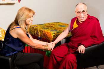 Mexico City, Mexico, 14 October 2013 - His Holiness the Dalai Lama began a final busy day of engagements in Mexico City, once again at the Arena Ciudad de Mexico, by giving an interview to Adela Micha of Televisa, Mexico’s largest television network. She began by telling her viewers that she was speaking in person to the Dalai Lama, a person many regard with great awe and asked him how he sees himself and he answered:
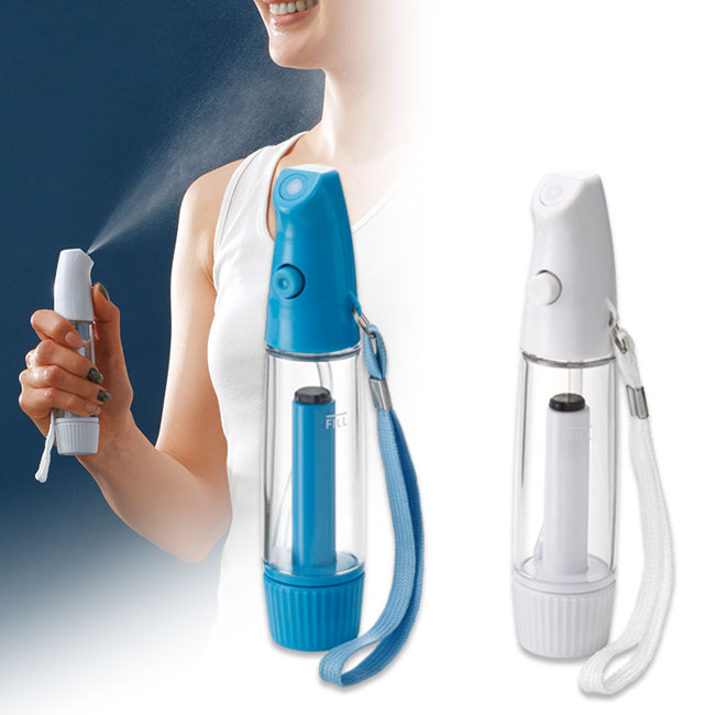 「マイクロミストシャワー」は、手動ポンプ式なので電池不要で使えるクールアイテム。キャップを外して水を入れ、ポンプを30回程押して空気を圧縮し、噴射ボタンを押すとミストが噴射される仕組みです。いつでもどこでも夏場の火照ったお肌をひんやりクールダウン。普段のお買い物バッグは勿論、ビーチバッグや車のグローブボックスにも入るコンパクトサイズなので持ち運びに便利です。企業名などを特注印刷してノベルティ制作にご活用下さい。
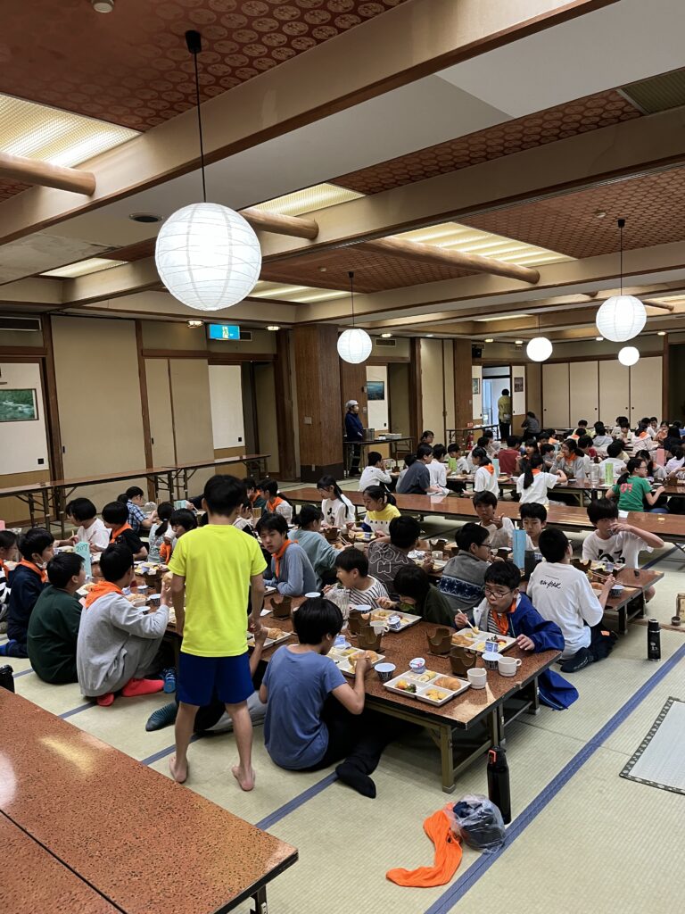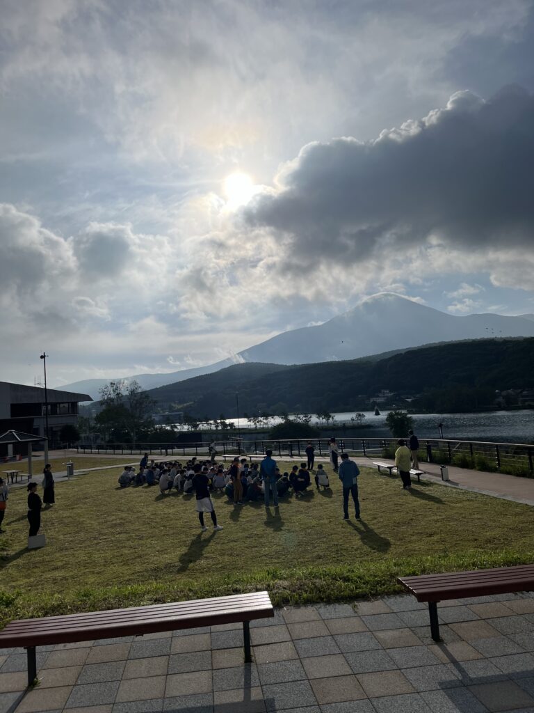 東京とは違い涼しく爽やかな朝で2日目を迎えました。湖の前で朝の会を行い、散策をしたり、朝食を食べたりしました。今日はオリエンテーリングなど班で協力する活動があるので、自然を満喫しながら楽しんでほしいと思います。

● ● ●

Task item —
A verbatim copy of the data, pictures removed, is the expected result.

Task result —
 Mexico City, Mexico, 14 October 2013 - His Holiness the Dalai Lama began a final busy day of engagements in Mexico City, once again at the Arena Ciudad de Mexico, by giving an interview to Adela Micha of Televisa, Mexico’s largest television network. She began by telling her viewers that she was speaking in person to the Dalai Lama, a person many regard with great awe and asked him how he sees himself and he answered:
 「マイクロミストシャワー」は、手動ポンプ式なので電池不要で使えるクールアイテム。キャップを外して水を入れ、ポンプを30回程押して空気を圧縮し、噴射ボタンを押すとミストが噴射される仕組みです。いつでもどこでも夏場の火照ったお肌をひんやりクールダウン。普段のお買い物バッグは勿論、ビーチバッグや車のグローブボックスにも入るコンパクトサイズなので持ち運びに便利です。企業名などを特注印刷してノベルティ制作にご活用下さい。
 東京とは違い涼しく爽やかな朝で2日目を迎えました。湖の前で朝の会を行い、散策をしたり、朝食を食べたりしました。今日はオリエンテーリングなど班で協力する活動があるので、自然を満喫しながら楽しんでほしいと思います。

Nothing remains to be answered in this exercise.